О чем: Иде 40 лет, и у ее биологических часиков срывает кукушку — не без помощи любящих родственников.

Зачем читать: на самом деле этому крошечном роману — всего 160 страниц — не требуется привязка к какой-то конкретной стране или определенному времени. Дело тут происходит в самые обычные выходные на норвежской даче, но от перемещения дачи, скажем, в Подмосковье ничего не изменится — это вполне универсальная история о женщине, у которой к 40 годам так и не появилось какого-то социально понятного статуса. Ида не мать и не жена, все еще дочь, но уже давно не ребенок. И пока она думает о том, как бы ей половчее запрыгнуть в последний вагон уходящего поезда и заморозить драгоценные яйцеклетки (которые вроде бы и не золотые, но и Ида не курочка-несушка), ее сестра с комфортом устраивается в свеженькой беременности, а родители больше думают о сестре. И никто из ее родственников в целом толком не знает, что делать с Идой, которая давно должна была уже свыкнуться с ролью незаметной незамужней тетки, а она по-прежнему клеит мужиков в тиндере и надеется на то, что ее жизнь не закончилась, а просто еще не началась. «Взрослые люди» — роман не только о неудобных женщинах, о которых то и дело спотыкается общество, но и о том, что некоторые люди взрослеют вразрез со своими же ожиданиями и в таких случаях, наверное, нужно прекратить метать икру и жить, как живется.

РЕКЛАМА – ПРОДОЛЖЕНИЕ НИЖЕ

Тана Френч, «Фэйтфул-Плейс»

«Фантом Пресс», перевод Любови Карцивадзе

О чем: мужик понимает, что с его невестой, которая 20 лет назад вдруг исчезла безо всякого предупреждения, возможно, что-то случилось.

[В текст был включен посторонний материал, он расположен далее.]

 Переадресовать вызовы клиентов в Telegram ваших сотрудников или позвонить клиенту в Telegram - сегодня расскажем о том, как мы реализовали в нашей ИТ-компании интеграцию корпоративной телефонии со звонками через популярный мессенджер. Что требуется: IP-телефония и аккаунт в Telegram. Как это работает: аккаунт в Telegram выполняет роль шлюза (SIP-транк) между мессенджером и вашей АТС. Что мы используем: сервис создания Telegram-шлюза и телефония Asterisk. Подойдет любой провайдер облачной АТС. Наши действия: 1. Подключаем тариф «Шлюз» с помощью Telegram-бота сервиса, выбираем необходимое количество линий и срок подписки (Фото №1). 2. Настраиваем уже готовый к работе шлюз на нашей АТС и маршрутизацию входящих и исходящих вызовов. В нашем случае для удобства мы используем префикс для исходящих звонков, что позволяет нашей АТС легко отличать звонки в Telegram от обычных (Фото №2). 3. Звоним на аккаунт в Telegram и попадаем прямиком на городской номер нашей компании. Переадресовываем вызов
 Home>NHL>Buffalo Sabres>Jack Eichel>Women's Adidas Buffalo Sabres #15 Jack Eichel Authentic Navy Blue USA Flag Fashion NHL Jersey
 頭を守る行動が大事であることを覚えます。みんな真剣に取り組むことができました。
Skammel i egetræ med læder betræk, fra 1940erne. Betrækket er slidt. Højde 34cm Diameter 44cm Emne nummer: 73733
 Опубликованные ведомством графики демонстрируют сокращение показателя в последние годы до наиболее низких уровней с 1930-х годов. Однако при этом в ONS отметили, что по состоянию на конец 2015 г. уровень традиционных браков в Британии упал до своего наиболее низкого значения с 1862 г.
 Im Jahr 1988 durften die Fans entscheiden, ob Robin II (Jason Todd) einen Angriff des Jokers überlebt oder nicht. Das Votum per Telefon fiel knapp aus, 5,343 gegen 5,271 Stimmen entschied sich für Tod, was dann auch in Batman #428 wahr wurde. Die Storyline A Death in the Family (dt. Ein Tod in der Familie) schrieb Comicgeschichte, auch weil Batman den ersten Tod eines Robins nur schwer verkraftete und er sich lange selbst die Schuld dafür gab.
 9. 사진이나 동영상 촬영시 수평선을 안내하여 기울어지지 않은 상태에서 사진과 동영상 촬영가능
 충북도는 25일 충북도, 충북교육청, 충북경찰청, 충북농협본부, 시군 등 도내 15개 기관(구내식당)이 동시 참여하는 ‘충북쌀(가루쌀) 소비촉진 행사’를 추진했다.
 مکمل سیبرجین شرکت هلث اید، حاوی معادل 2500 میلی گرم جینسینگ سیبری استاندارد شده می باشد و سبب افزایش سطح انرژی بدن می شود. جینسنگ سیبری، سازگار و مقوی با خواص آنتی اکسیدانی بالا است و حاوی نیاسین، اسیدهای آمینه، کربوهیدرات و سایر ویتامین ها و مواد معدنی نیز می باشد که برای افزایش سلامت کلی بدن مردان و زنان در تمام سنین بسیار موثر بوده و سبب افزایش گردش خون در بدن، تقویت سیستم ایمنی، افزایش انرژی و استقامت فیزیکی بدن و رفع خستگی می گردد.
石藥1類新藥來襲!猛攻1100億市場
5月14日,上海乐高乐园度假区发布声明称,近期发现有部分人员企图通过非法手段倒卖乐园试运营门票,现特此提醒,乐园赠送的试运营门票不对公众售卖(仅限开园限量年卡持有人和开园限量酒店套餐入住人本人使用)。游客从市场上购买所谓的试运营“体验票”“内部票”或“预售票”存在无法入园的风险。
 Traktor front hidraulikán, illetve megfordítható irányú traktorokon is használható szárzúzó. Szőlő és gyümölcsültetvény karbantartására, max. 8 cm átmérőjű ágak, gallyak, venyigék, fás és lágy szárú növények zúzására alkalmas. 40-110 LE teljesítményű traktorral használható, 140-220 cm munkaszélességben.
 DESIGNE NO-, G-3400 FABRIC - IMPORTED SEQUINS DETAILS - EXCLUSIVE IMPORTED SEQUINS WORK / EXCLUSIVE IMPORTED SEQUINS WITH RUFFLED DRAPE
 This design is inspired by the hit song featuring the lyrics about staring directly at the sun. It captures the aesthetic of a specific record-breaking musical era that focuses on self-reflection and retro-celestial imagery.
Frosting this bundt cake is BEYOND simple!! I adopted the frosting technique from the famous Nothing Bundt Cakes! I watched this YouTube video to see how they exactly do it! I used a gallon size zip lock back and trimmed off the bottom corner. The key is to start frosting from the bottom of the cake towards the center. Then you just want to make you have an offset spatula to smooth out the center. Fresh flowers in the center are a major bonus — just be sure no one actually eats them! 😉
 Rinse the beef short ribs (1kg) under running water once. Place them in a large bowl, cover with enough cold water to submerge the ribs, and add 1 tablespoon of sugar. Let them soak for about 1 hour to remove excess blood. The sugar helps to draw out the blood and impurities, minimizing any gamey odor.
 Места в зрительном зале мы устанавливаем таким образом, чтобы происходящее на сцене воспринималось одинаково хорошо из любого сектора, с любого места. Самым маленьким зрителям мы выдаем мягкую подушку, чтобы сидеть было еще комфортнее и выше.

Зачем читать: «Дублинский цикл» Таны Френч — практически идеальная серия полицейских детективов. И ужасно жаль, конечно, что в последнее время Френч отошла от детективной беллетристики и старается написать большой плотный роман, потому что хороших детективов пишут очень мало, а у Френч в этой области настоящий талант, даже несмотря на то, что завязки ее детективных романов подчас бывают, мягко говоря, фантастическими. Например, во втором романе «Дублинского цикла» нам предлагают поверить, что два человека могут быть как две капли воды похожи друг на друга, не будучи при этом связанными никаким, даже дальним, родством. А в «Фэйтфул-Плейс» прожженному полицейскому инспектору Фрэнку Мэкки только спустя 20 лет приходит в голову мысль, что любовь всей его жизни, девушка, с которой они собирались вместе сбежать в лучшую жизнь, не пришла к нему с вещами в условленный час потому, что вообще-то попала в беду. Но это все вообще неважно, потому что Френч даже на невообразимой завязке конструирует кажущийся правдоподобным текст, и ее расследования сочетают в себе два самых важных условия хорошего детектива: во-первых, совершая нелогичные поступки, ее герои выглядят живыми людьми, а не одушевленными кусками картона, и, во-вторых, Френч очень хорошо все понимает про жанровую игру и всегда аккуратно доводит ее до конца. Для настоящего детектива очень важно, чтобы у читателя перед глазами были все подсказки, но хороший автор детективов еще и хороший фокусник, и Френч, как никто иной, умеет отвлечь внимание читателя ложными ходами и фальшивыми развязками, и в эту игру она всегда играет от души, без постмодернистского прищура, а это, знаете, уже почти утраченное искусство.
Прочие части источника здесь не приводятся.